To get started, I created a new C++ file to hold the code for the work generator. The first thing that needs to be done is take the transactions.dat file from the sample dataset that I’m using (which you can find here) and parse it to create a list of transactions. After parsing, a list of unique items will be created.

I’ve created a command line option for the work generator to input the “chunk size”, or, the number of items that the work generator will put into each input file. Right now I have this number set to 10, for no other reason than I think that work units generated with a chunk size of 5 took too short of a time and 15 took too long (very scientific, I know). Anyways, the list of unique items gets saved into a folder based on the UNIX timestamp, divided into multiple files based on the chunk size.

Now that we have a list of files containing a subset of our list of unique items, we can iterate over all of the files in the directory and use the BOINC API functions provided to us, such as create_work, in order to schedule a task of the generate_candidates application for each file. Which is what I would do, if I could get the linker to properly identify the database commands included in the boinc_db headers.
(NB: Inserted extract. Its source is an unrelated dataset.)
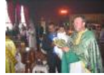
The Procession Around the Font
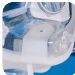
Dedicated airtight NG tube port

I struggled with building the libraries properly for a while before ultimately deciding to go with a more traditional approach with exec().

The entirety of the code for the work generation is available on my GitHub repository for this project, so I won’t be going through all of it, but I think it’s important to go over the process forking part since it’s deviated from the intended work generation solution.

for (auto &itemFile : itemDirectory)
        {
            if (itemFile.is_regular_file())
            {
                // Fork the process
                pid_t pid = fork();
                std::string inputFile = itemFile.path().filename().c_str();

                if (pid == 0) // Child process
                {
                    // Change the current working directory to the project location.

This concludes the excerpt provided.